Time and again, the judiciary has played a critical role in the functioning of democracy by setting in motion reforms that are followed up by the executive or even the legislature. The latest Supreme Court judgment in the sedition case against journalist Vinod Dua can be one such opportunity, if used judiciously by other arms of the government, to overhaul the law enforcement system that seems to have made too many mistakes when it comes to the interpretation of Section 124A of the Indian Penal Code that defines sedition.
Dua was worried after sedition and public mischief charges were slapped against him over his YouTube videos. A journalist for many decades who had seen successive governments and critically analysed their policies, he had sleepless nights and court updates to follow. He was reassured by his lawyer Vikas Singh, but the final relief came for him when the apex court heard his case and quashed the FIR.

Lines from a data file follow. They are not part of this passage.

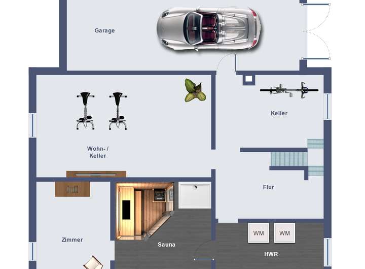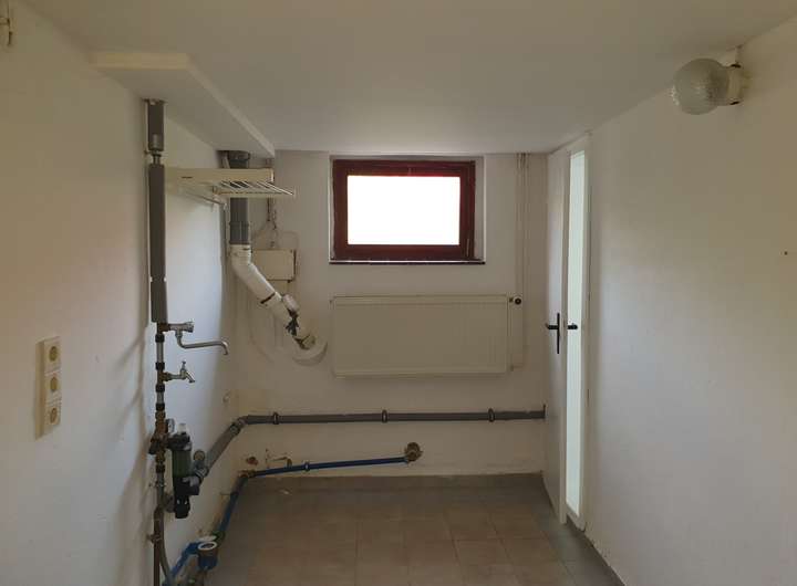 Über die offene Treppe gelangt man in den teilweise bewohnbaren Kellerbereich. Dort befindet sich die elektrische Dampfsauna mit einer zusätzlichen Dusche und einem Ruheraum. Außerdem gibt es einen großen Kellerraum, der als zusätzliches Wohn- oder Arbeitszimmer genutzt werden kann. Im Heizungsraum steht die Öl-Heizung der Firma Strebel aus dem Jahr 1992 mit einer ca. 7 Jahre alten Buderus Brauchwasser-Wärmepumpe. Im Kellergeschoss befindet sich des weiteren die Garage mit Platz für eine kleine Werkstatt.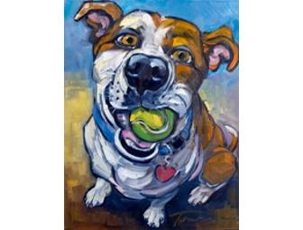 This original Stubby painting measuring 18" x 14" on gallery wrapped linen is a combination of the artist's 1st pit bull named Co-D and her pit mix, Maggie. Both of whom LOVE to play ball.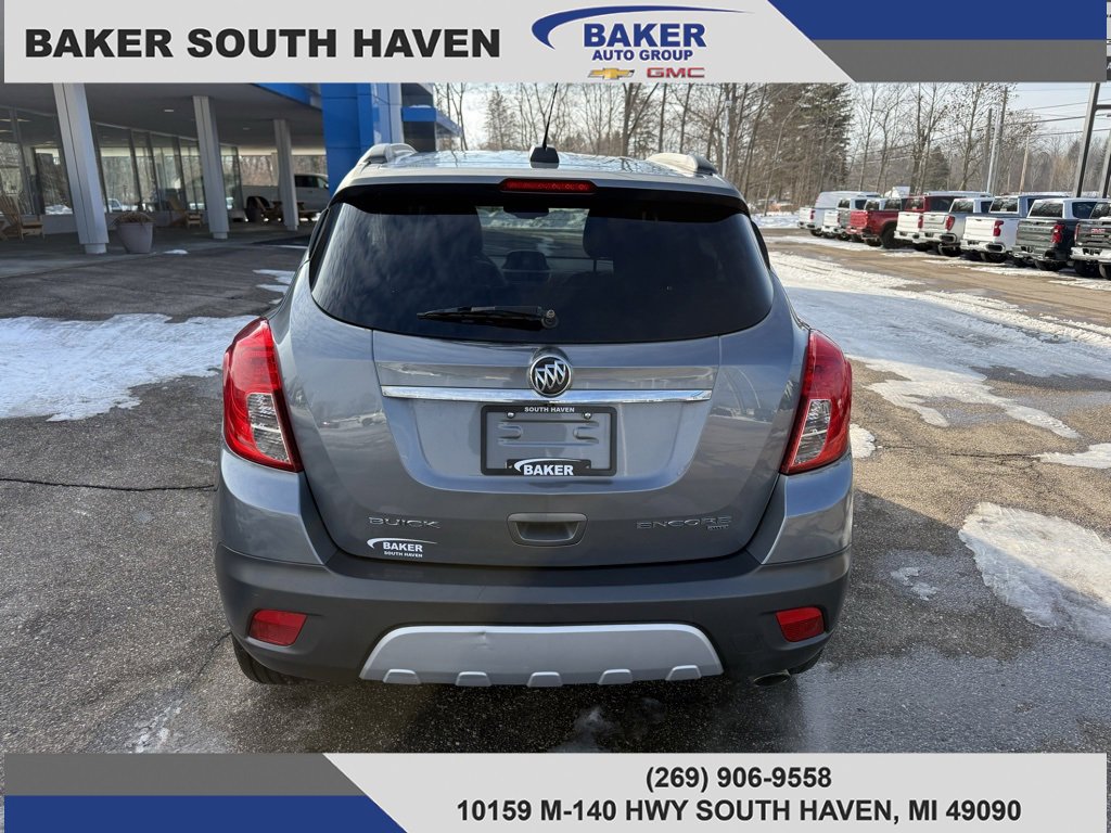 Satin Steel Gray Metallic 2015 Buick Encore Leather AWD 6-Speed Automatic Electronic with Overdrive ECOTEC 1.4L I4 SMPI DOHC Turbocharged VVT AWD, Encore Leather, AWD, Satin Steel Gray Metallic, Ebony Leather, 6-Way Power Driver Seat Adjuster, Automatic temperature control, Exterior Parking Camera Rear, Front Bucket Seats, Fully automatic headlights, Heated Driver & Front Passenger Seats, Heated steering wheel, Memory seat, Preferred Equipment Group 1SL, Radio: AM/FM Audio System w/MP3 CD Player, SiriusXM Satellite Radio, Steering wheel mounted audio controls.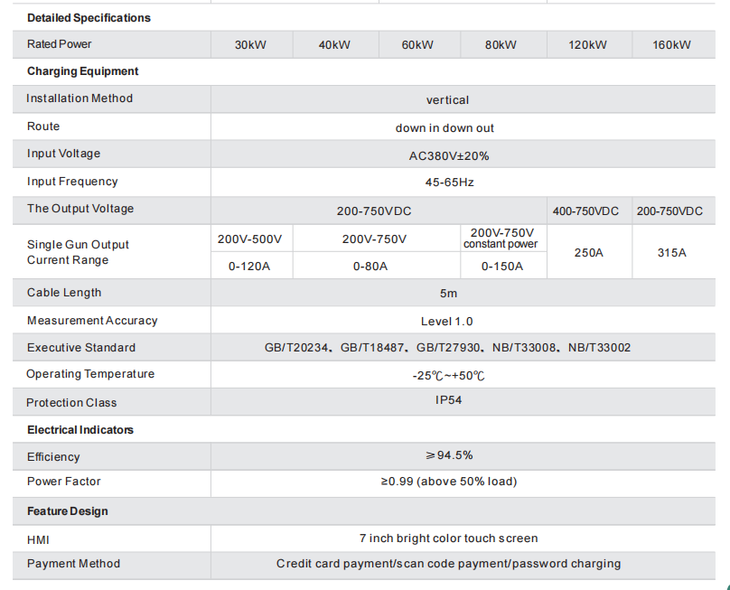 1) เครื่องชาร์จสถานีพลังงาน: 30kW ~ 160kW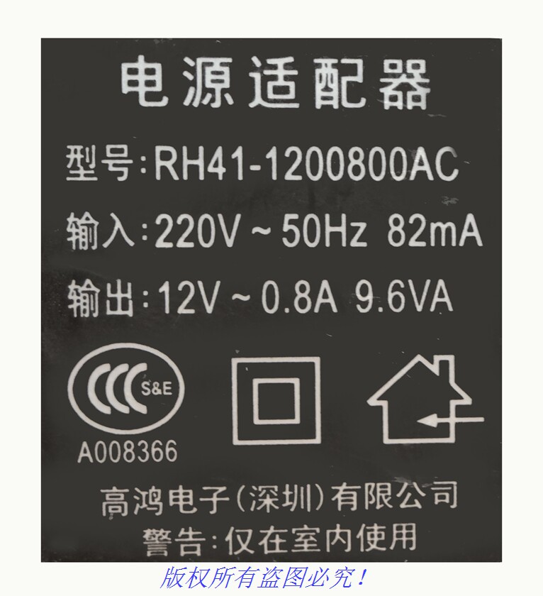 Original Gao Hong Electronics 12V~0.8A 9.6VA Power Adapter Model: RH41-1200800AC

“If the investigation drags in such cases, it demotivates and stifles the freedom of expression further because the accused is always scared and careful. It actually amounts to suspension of fundamental rights,” said Dua.
The FIR against Dua had been filed in May 2020 based on a complaint—by a BJP leader in Himachal Pradesh—that the senior journalist had made serious allegations against the prime minister. Quashing the FIR, the apex court once again held that, “every journalist will be entitled to protection in terms of Kedar Nath Singh judgment”. This essentially meant that journalists cannot face an FIR for raising concerns or criticising the government unless there is an active call for incitement to violence as laid down in earlier judgments.
The debate over the interpretation of the anti-sedition law has devoured the time of many courts for decades. That's because a local police station or the policeman did not read or understand the Supreme Court judgment in the landmark 1962 Kedar Nath Singh vs State of Bihar case, or the law enforcers were not held accountable after the sedition charges were thrown out by court.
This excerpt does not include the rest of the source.